If your dead set on some portable stick of some kind. Why not just go with a small portable computer stick? You can just plug into an existing monitor keyboard and mouse and your on your own private system.
Or another option less Linux is a Samsung smartphone. You can get HDMI adapters that will give you a full desktop experience using the phone. I played with it a handful of times and it seems to work.
Bring your own portable computer.
Are you committed to using a physical external drive?
I personally came to the solution for a portable workspace by setting up a Guacamole server, Guacamole is a HTML5 based remote desktop interface. I personally have a proxmox server and have Guac hooked into various VMs so I can access anything from any browser on any HTML5 capable device.
It’s actually really nice for even at home use, I have a couple Windows VMs each setup for specific use cases, like one of them is setup as my Visual Studio development workspace or switch to my totally-not-macos-that-would-be-a-eula-violation VM for not-mac stuff lol
I use proxmox, but Guac handles quite a few different remote desktop protocols, so you could hook it into an always running desktop/laptop or something if you want to keep things a little simpler
But that might be a little more involved than you were thinking with your original idea lol
That’s way more work that I’m thinking of, plus my home internet isn’t good enough for any outside server use, and I don’t have the cash for a server hosted somewhere. Thank you however!
You might be surprised how little bandwidth you need. https://learn.microsoft.com/en-us/azure/virtual-desktop/rdp-bandwidth
I just created a Docker container based off Ubuntu with Gnome and NoVNC.
Might be harder in modern computers, with secureboot and all…
You can boot from USB with UEFI, that’s not a showstopper. Unless I’m missing something?
You can, if the secureboot doesn’t stop you.
Of course you can disable the secureboot, assuming you have control of the firmware setting.
Make a persistent data block for Fedora/Ubuntu/etc. and make a Live ISO point to it, then boot from Ventoy into the ISO, which then handles mounting the “drive”.

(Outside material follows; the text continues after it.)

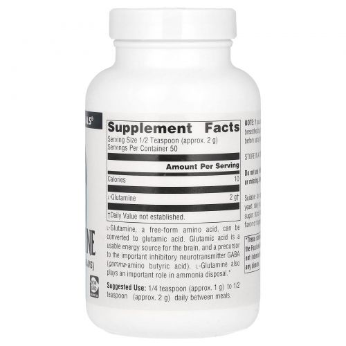 Описание товара Source Naturals, L-глютамин, порошок в свободной форме 3.53 унции (100 г)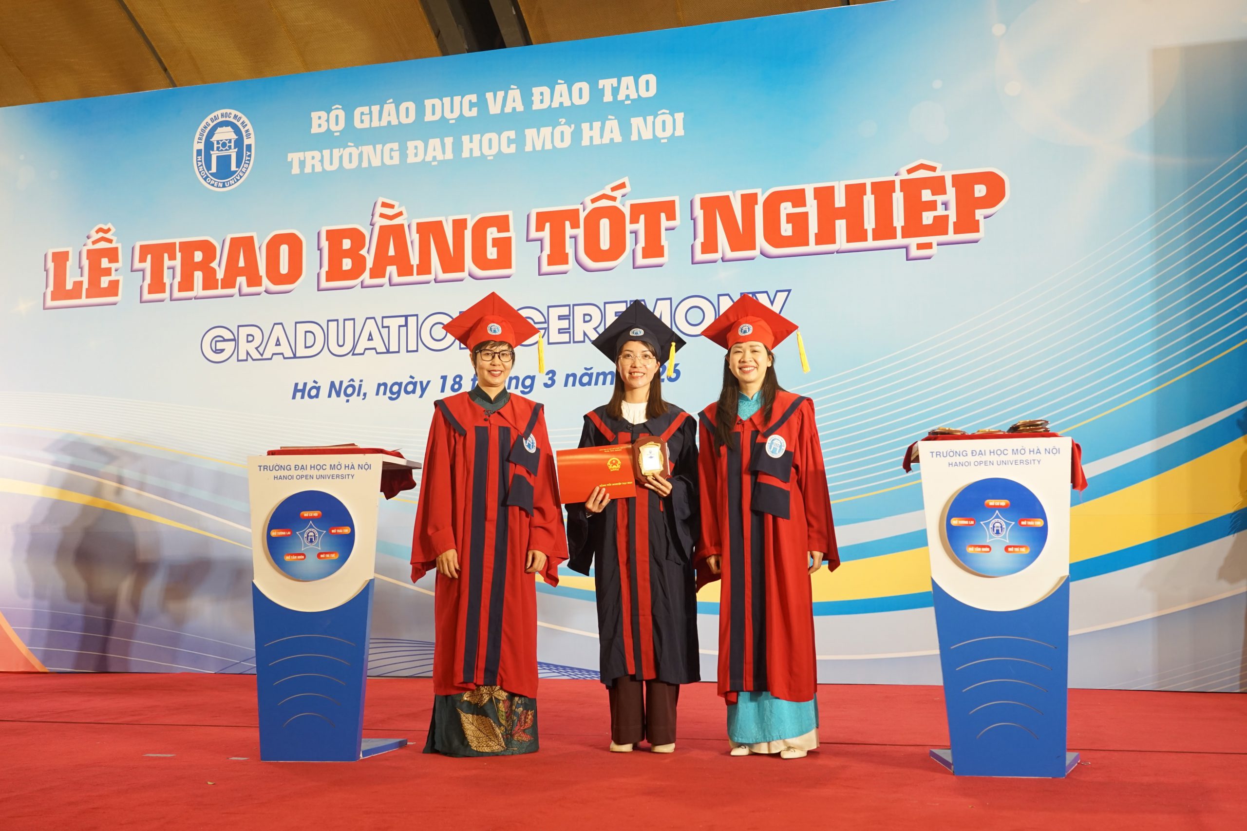 Ngày 18/3/2026, tại Trung tâm Hội nghị Quốc gia (Hà Nội), Trường Đại học Mở Hà Nội long trọng tổ chức Lễ trao bằng tốt nghiệp cho hơn 1000 tân thạc sĩ, cử nhân và kỹ sư. Buổi lễ diễn ra trong không khí trang trọng, ấm áp và đầy xúc động, đánh dấu cột mốc quan trọng trong hành trình học tập và trưởng thành của các tân khoa.

You don’t need a live ISO or a separate persistent data block. The best way is to just create a single VHD/VDI for your Linux distro of choice and boot it with Ventoy. You can even have it encrypted using LUKS.
If you decide to go with the full install, the arch wiki has some good tips: https://wiki.archlinux.org/title/Install_Arch_Linux_on_a_removable_medium
I don’t have the answers but doesn’t Linux have to boot off a ext4 formatted drive/partition? Not sure if it will work on an NTFS drive.
If it was me I’d just buy a good quality 128gb usb 3 drive dedicated to this task.
Linux can use filesystems other than ext4 for root. Using NTFS is probably not the best idea, but it might be do-able?